A book examining the South Bronx fires that displaced thousands of families in the 1970s and reshaped the Bronx has been named a finalist for the annual Gotham Book Prize, a $50,000 award recognizing outstanding fiction and non-fiction books about New York City.
Bench Ansfield’s “Born in Flames: The Business of Arson and the Remaking of the American City” challenges the longstanding narrative that blamed residents for the wave of arson that ravaged the South Bronx in the 1970s. Instead, Ansfield documents how landlords hired “torches,” often Black and Brown youth, to burn buildings for insurance payouts and also highlights tenant-led movements that pressured insurers and government agencies to act against arsonist landlords.
The book details how the FIRE industry — finance, insurance, and real estate — ignited the policies that made destruction more profitable than preservation.
In the wake of the 1960s uprisings and deepening urban disinvestment, insurers refused to cover areas deemed high-risk, prompting the federal government to create the Fair Access to Insurance Requirement, a state-administered insurance, underwritten by private insurers. The program’s lack of adequate oversight, Ansfield argues, incentivized landlords to burn buildings and collect payouts rather than maintain deteriorating properties.

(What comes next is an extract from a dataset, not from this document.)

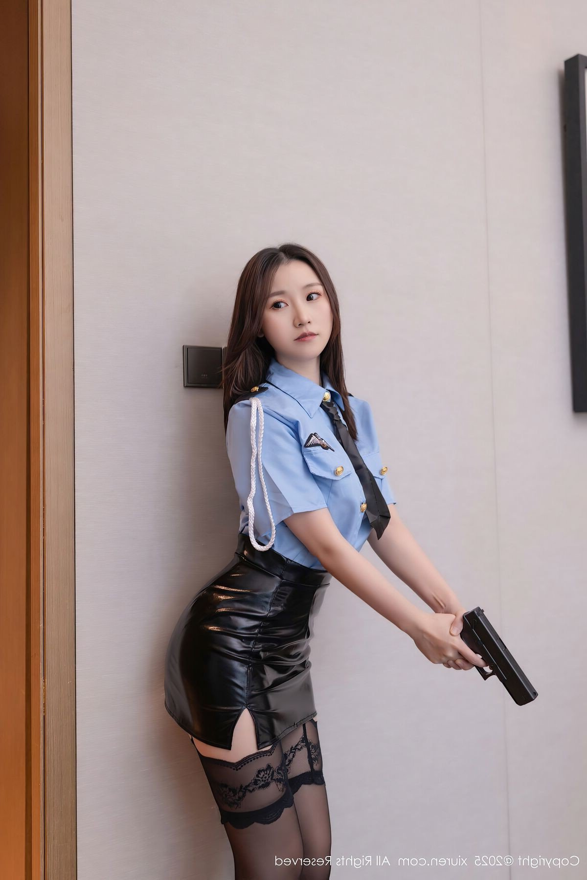 This captivating image showcases model Xing Ya Da in a seductive mini police uniform, part of the exclusive XiuRen No.10277 collection. She strikes a confident pose, highlighting her long, slender legs in sheer black stockings and a sleek, form-fitting leather skirt. The light blue shirt, combined with the handgun she holds, creates a unique blend of authority and alluring charm. Xing Ya Da's captivating gaze and professional demeanor emphasize her mysterious beauty, drawing every eye. This striking photograph presents a powerful yet graceful aesthetic, offering a mesmerizing visual experience for admirers.

Ansfield is an Assistant Professor of History at Temple University and a historian of racial capitalism, the carceral state and twentieth century U.S. cities. The book draws on decades of research on the Bronx, including Ansfield’s work as a researcher on the 2019 PBS documentary “Decade of Fire”, directed by Vivian Vázquez Irizarry and Gretchen Hildenbrand.
The book has also been named by The New York Times as one of its 100 Notable Books of 2025, named one of Kirkus Reviews’ 100 Best Nonfiction Books of the Year, and selected as a finalist for the NAACP Image Award for Outstanding Literary Work — Nonfiction.
The Gotham Book Prize was co-founded in 2020 by Bradley Tusk, venture capitalist and political strategist and Howard Wolfson, former New York City deputy mayor to former Mayor Michael Bloomberg and current Education program lead at Bloomberg Philanthropies.
“Now that we’re in year six of the Gotham Book Prize, it’s clearer than ever that our city is an object of fascination and the ideal setting for countless books, both fiction and nonfiction,” co-founders Tusk and Wolfson said.
The winner will be selected in late spring by a jury of New York-based civic leaders, authors, and academics.
The jury includes: Anna Akbari, writer, entrepreneur and sociologist; Ric Burns, documentary filmmaker; Dr. Christina Greer, Associate Professor of Political Science, Fordham University; Mitchell Moss, Professor, NYU Wagner; Tom Healy, writer, trustee of PEN America; Patricia Park, novelist; Pamela Paul, Wall Street Journal writer; and Tusk and Wolfson.
“All these books share New York’s defining contradiction: our city’s seduction and its brutality. Somehow, NYC takes everything from us and still convinces us it’s worth it,” said jury member and writer Tom Healy.